Let V=`RR^3` and W={(x,y,z)|x,y,z `in` `QQ`}. Is W`<=`V? Justify your answer.

So far, I wrote:
1. (0,0,0)`in`W
2.`alpha`,`beta` `in` W
`alpha`=(x,y,z) `beta`=(x',y'z')
`alpha,beta`=(x+x',y+y',z+z')
so `alpha + beta in W`
3. c `in RR`, `alpha in W`
`alpha=(x,y,z)`
c`alpha`=(cx,cy,cz)
so c`alpha in W`

Hence, W `<=`V

Answer 1

It looks like you are trying to show that `W` is a subspace of the vector space `V=RR^{3}`, which it is not (when the scalars field is `RR`).
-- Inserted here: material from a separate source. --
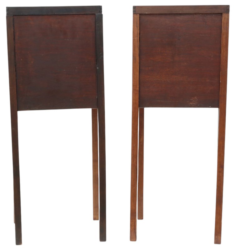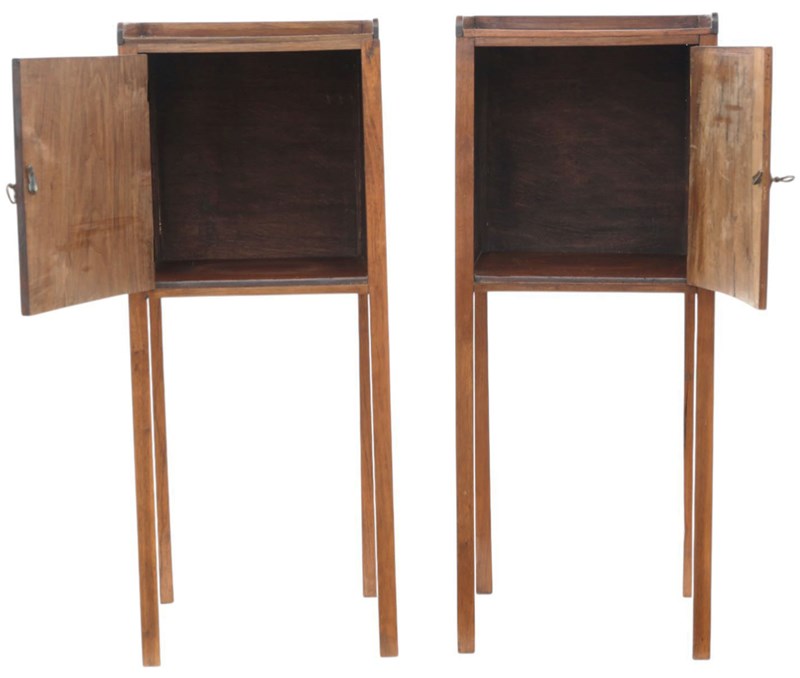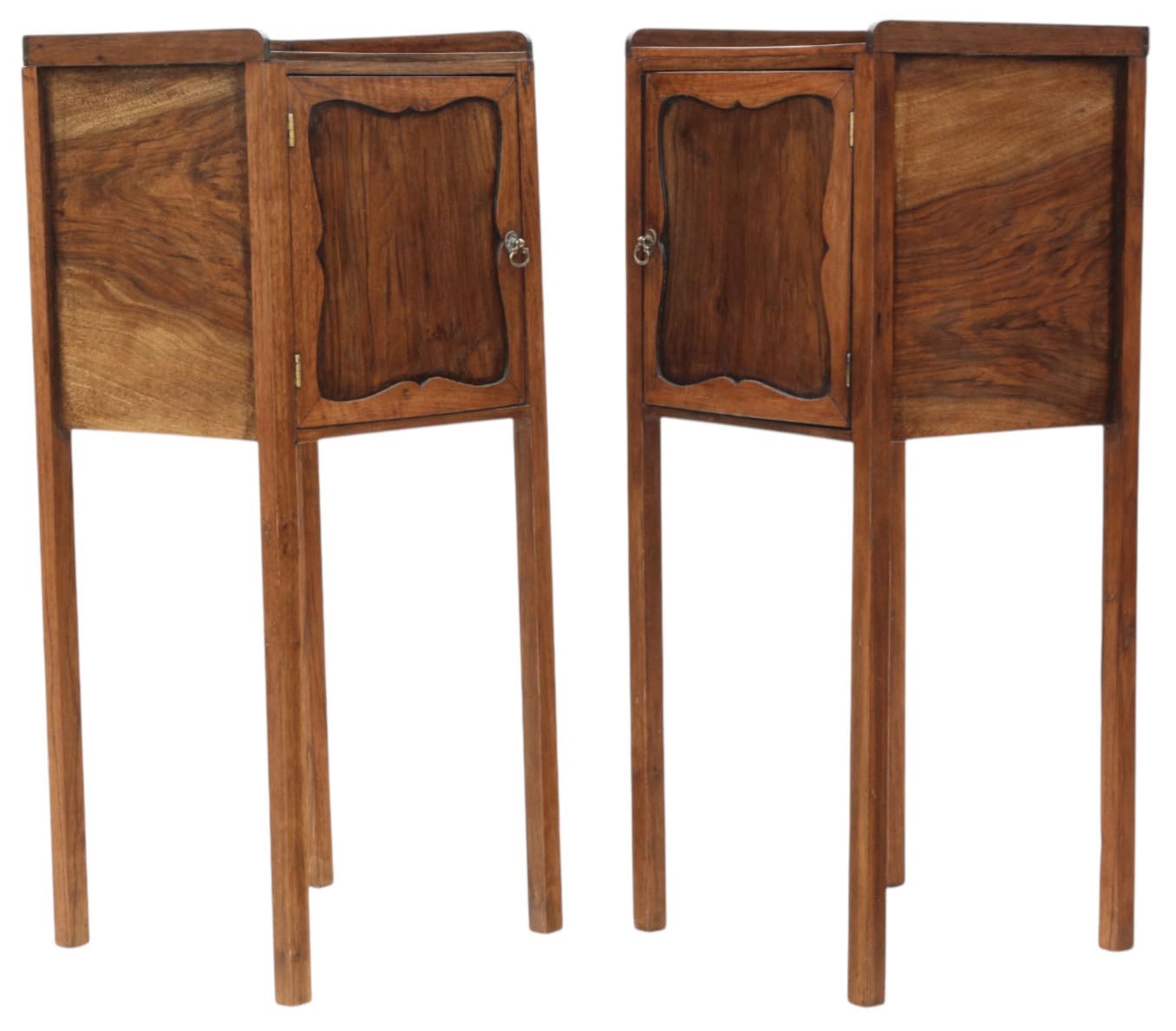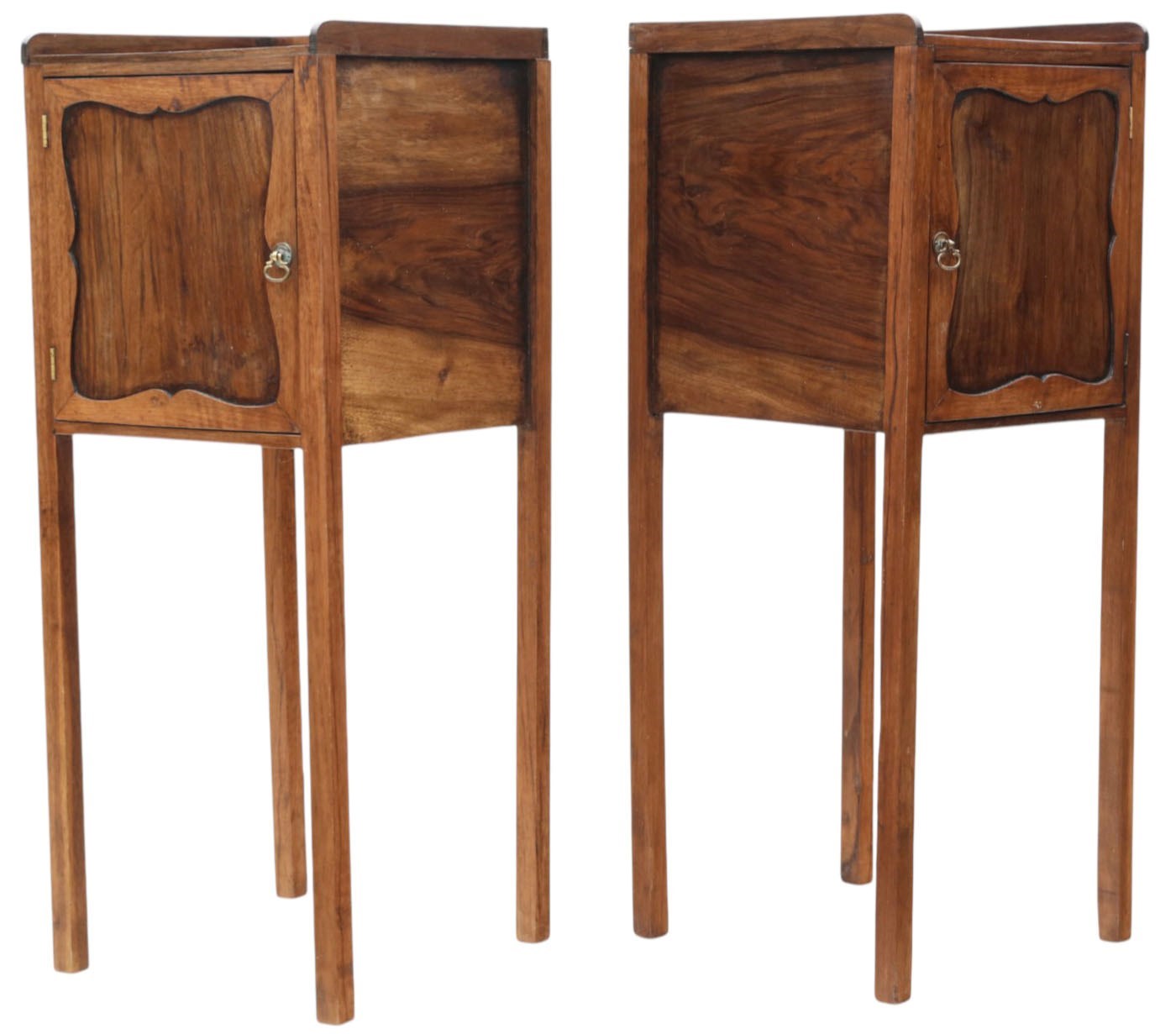 Expertly constructed, these tables are strong with no loose joints. Each cupboard door is fitted with working catches, ensuring secure closure. Their graceful design and classic styling make them ideal for use as bedside tables, lamp stands, or occasional side tables in both traditional and contemporary interiors.

Your mistake is that if `c` is irrational, and `x,y,z\in QQ` are nonzero, then `cx`, `cy`, and `cz` will be irrational as well.

Explanation:

If you restricted yourself to showing that `W` is a subgroup of the additive group `V=RR^{3}`, then your first two steps are sufficient.

For vector (linear) spaces, the problem is with the scalar multiplication. Since `c` is an arbitrary real number, it could be irrational, which would prevent closure with respect to scalar multiplication.

On the other hand, if your field of scalars was `QQ` rather than `RR`, then `W` would be a subspace of `V` since `c` would have to be a rational number.